Demikian pula dalam ketentuan ICCPR disebutkan negara pihak ICCPR diperbolehkan mengurangi atau mengadakan penyimpangan atas kewajiban dalam memenuhi HAM. Penyimpangan tersebut dilakukan jika sebanding dengan ancaman yang mengganggu keamanan nasional atau situasi darurat yang dihadapi. Hal tersebut dilakukan demi menjaga keamanan nasional atau ketertiban umum,dan moralitas, serta menghormati hak kebebasan orang lain.

Dalam Pasal 32 ayat (1) KUHP menyebutkan hak-hak terpidana dapat dicabut dengan putusan hakim. Penjatuhan pidana tambahan berupa pencabutan hak ini harus ada pembatasan jangka waktunya. Penegasan ini diatus dalam Pasal 38 KUHP.

Berdasarkan beberapa Undang-undang tersebut di atas, pada dasarnya hak asasi manusia dapat dibatasi berdasarkan undang-undang, namun dalam pembatasan tersebut harus secara tegas disebutkan secara limitatif waktu pencabutannya agar tidak terjadi pelanggaran terhadap HAM pihak terpidana.

Seperti yang telah disebutkan sebelumnya bahwa bagi Nurcholish Madjid HAM tidak bersifat mutlak. Hak dapat dibatasi demi kepentingan umum atau untuk melindungi hak-hak pribadi yang lain. Antara hak-hak pribadi dan kewajiban harus seimbang. Hal ini mengisyaratkan bahwa pencabutan hak politik menurut Nurcholish Madjid tidak melanggar HAM asal pencabutan tersebut dilakukan berdasarkan Undang-undang yang berlaku dan demi kepentingan masyarakat yang lebih luas.
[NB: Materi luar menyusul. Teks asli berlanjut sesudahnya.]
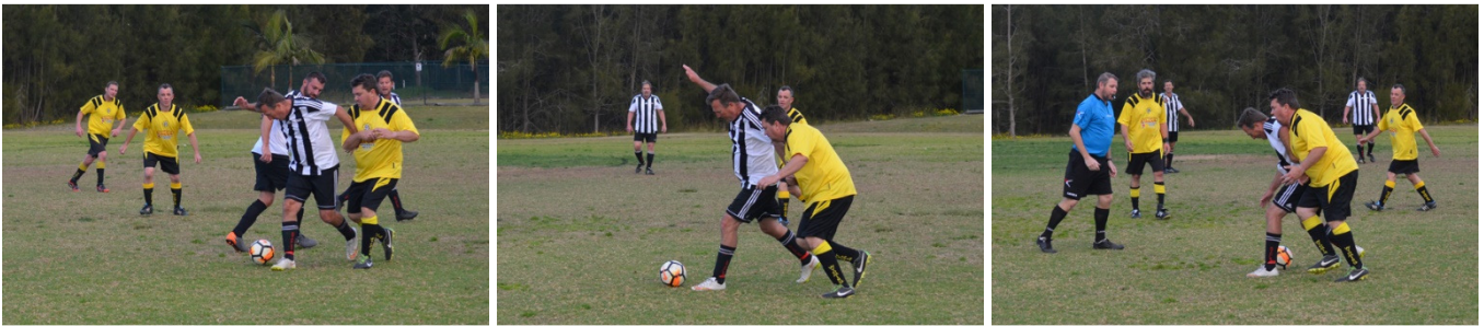
(^) FLANNO re-enacts a scene from the movie Jaws.

Untuk dapat menghasilkan pemidanaan yang ideal, hakim harus profesional. Berdasarkan keprofesionalan hakim tersebut, maka dalam menjatuhkan pidana pencabutan hak politik atau hak memilih dan dipilih dalam jabatan publik yang merupakan pidana tambahan dalam tindak pidana korupsi, hakim dapat menilai layak dan tidaknya pidana tersebut dijatuhkan.

Pertimbangan aspek kepentingan negara dan masyarakat harus diutamakan selain pertimbangan konsep tujuan pemidanaan,dan keselarasan dengan peraturan perundangan yang berlaku.

Penerapan pidana tambahan ini kepada pelaku korupsi sebagai penyelanggara negara untuk melindungi kepentingan masyarakat agar tidak mendapatkan pemimpin yang korup maupun pemimpin yang didukung oleh konstituen yang korup. Di masa mendatang diharapkan pemimpin yang korup tidak akan dipilih dan tidak berhak memilih. Sehingga penjatuhan pidana ini mengembalikan situasi yang rusak akibat dari tindak pidana yang dilakukan oleh pelaku yang tetap menitikberatkan terciptanya keadilan dan keseimbangan bagi pelaku tindak pidana dan korban, serta masyarakat.